Multiple accessions can be retrieved at once using:
https://www.ebi.ac.uk/arrayexpress/xml/v3/experiments/E-MTAB-1234,E-MTAB-5678


1.1 Keyword searches for experiments

Keyword searches of all fields for experiments and files linked to experiments can be made using the following format of URLs:

One keyword: https://www.ebi.ac.uk/arrayexpress/xml/v3/experiments?keywords=prostate

Multiple keywords: https://www.ebi.ac.uk/arrayexpress/xml/v3/experiments?keywords=some%20keywords
(or https://www.ebi.ac.uk/arrayexpress/xml/v3/experiments/some%20keywords)

A few points to note when using keyword search:

  • Accession number and keyword searches are case insensitive
  • Use an asterisk * as a multiple character wild card e.g. keywords=colo* will search for colon, colorectal, color etc
  • Use a question mark ? as a single character wild card e.g. keywords=te?t will search for text and test
  • Phrases of more than one word must be entered in quotes e.g. keywords="growth condition"
  • More than one keyword can by searched for using the '+' sign e.g. keywords=lung+cancer. The search treats these as 'AND' statements. See below for using OR and NOT.

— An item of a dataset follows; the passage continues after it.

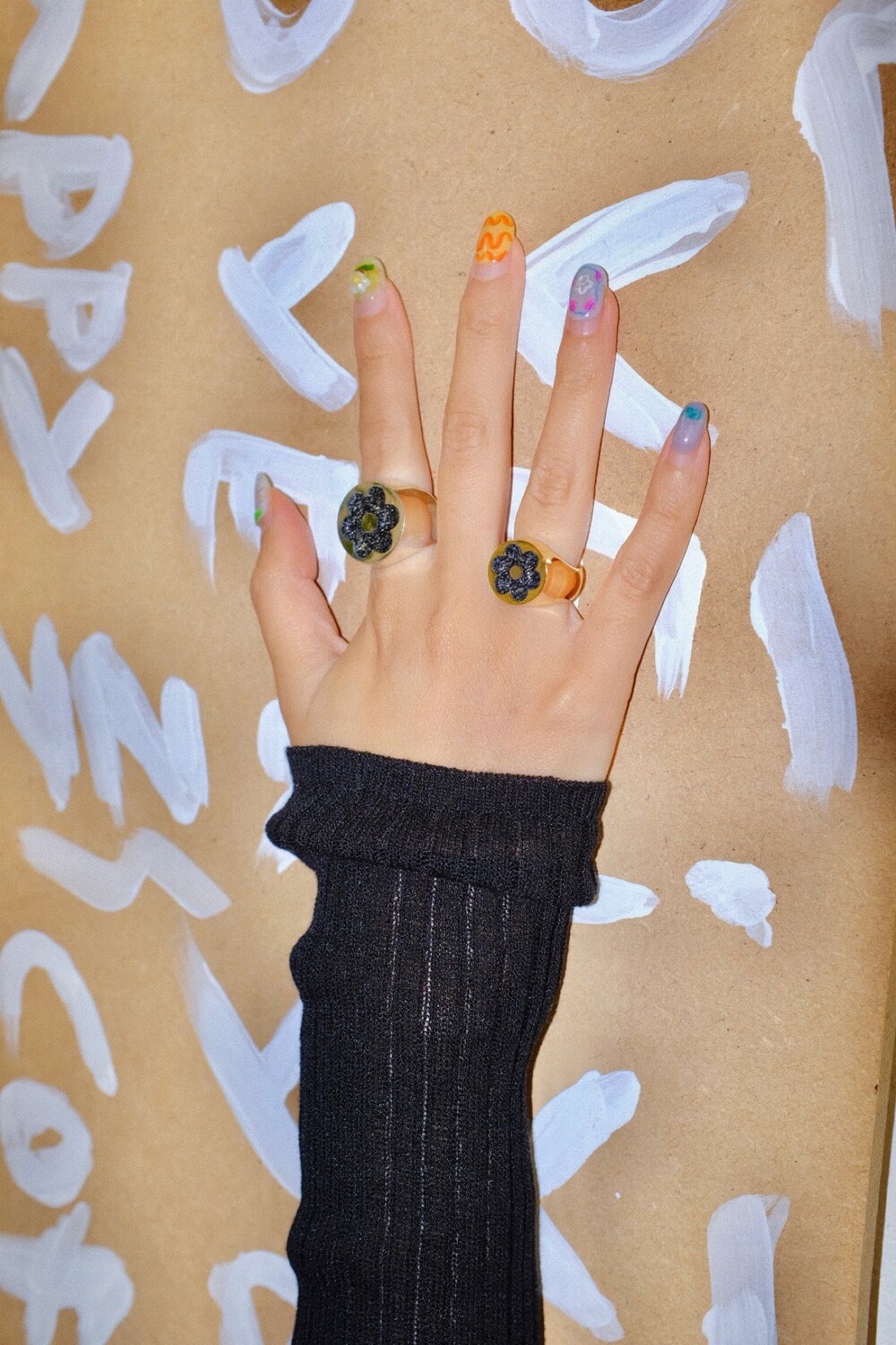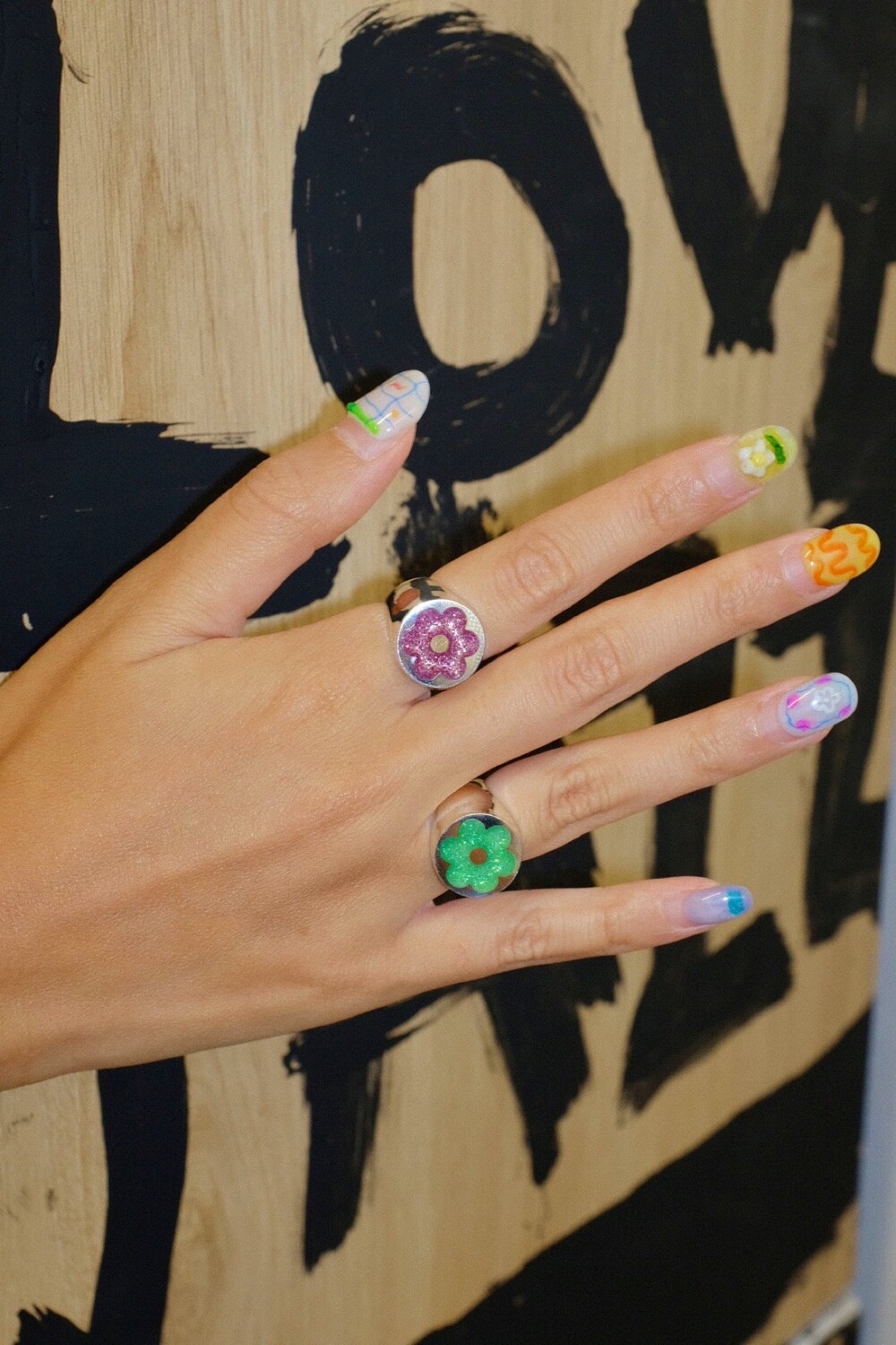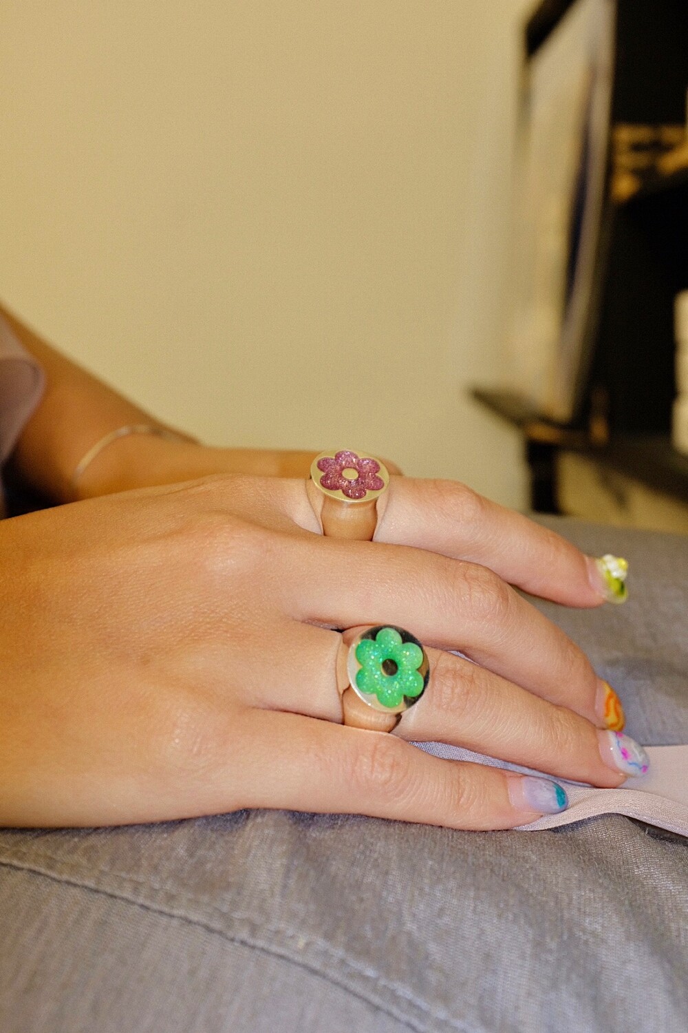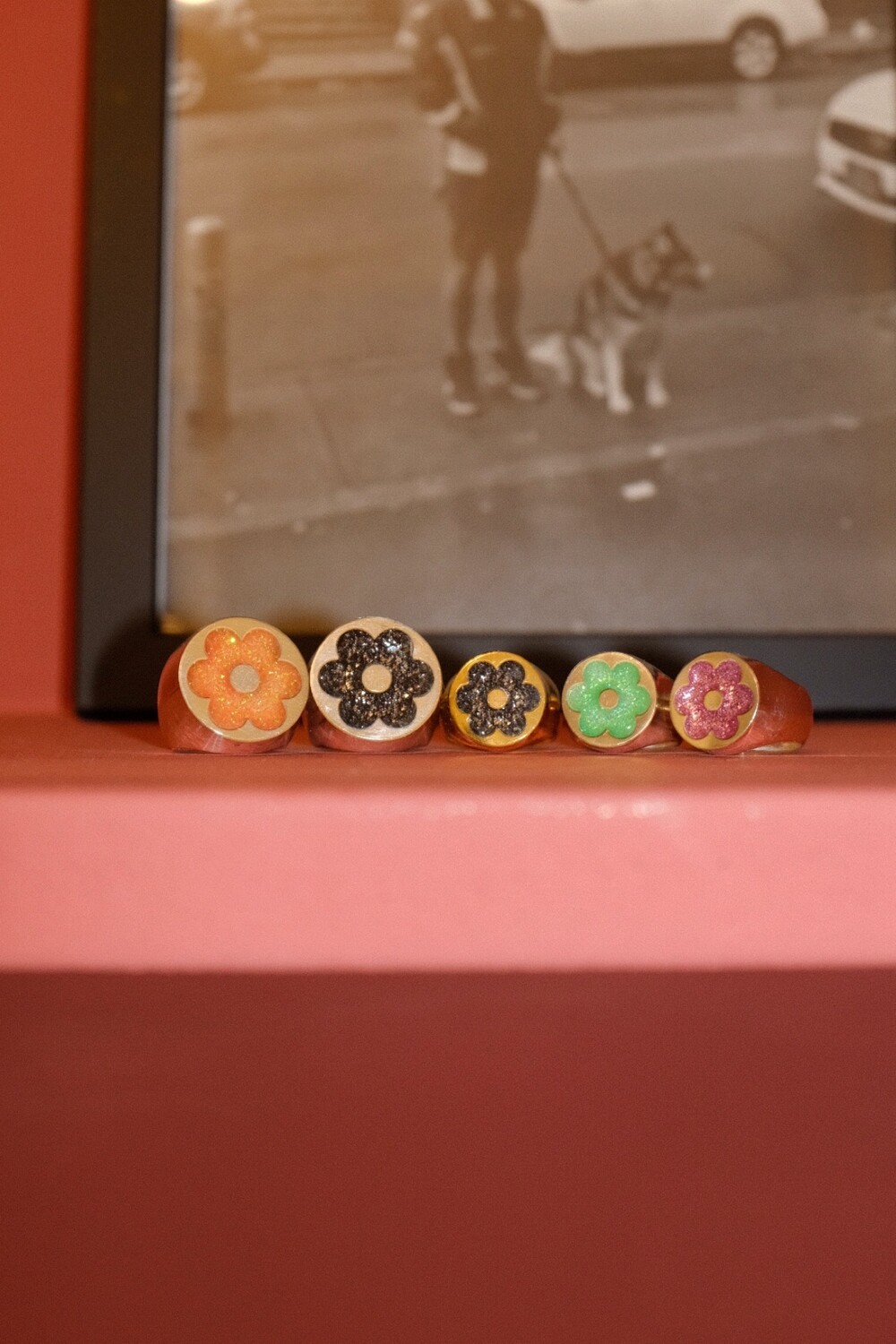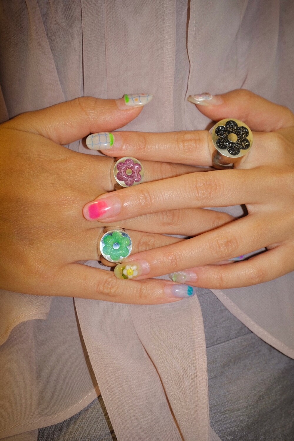 반짝이는 글리터가 가득 차있는 꽃이 포인트인 키치한 무드의 반지입니다 ⯌⯌.

More complex queries can be constructed using the operators AND, OR or NOT. All operators must be entered in UPPERCASE. AND is the default if no operator is specified.

https://www.ebi.ac.uk/arrayexpress/xml/v3/experiments?keywords=prostate+AND+breast

https://www.ebi.ac.uk/arrayexpress/xml/v3/experiments?keywords=prostate+breast (same as above)

https://www.ebi.ac.uk/arrayexpress/xml/v3/experiments?keywords=prostate+OR+breast

https://www.ebi.ac.uk/arrayexpress/xml/v3/experiments?keywords=prostate+NOT+breast

Top

1.2 Specifing particular fields for searching

The following field names can be used to specify the field in which a keyword is searched for.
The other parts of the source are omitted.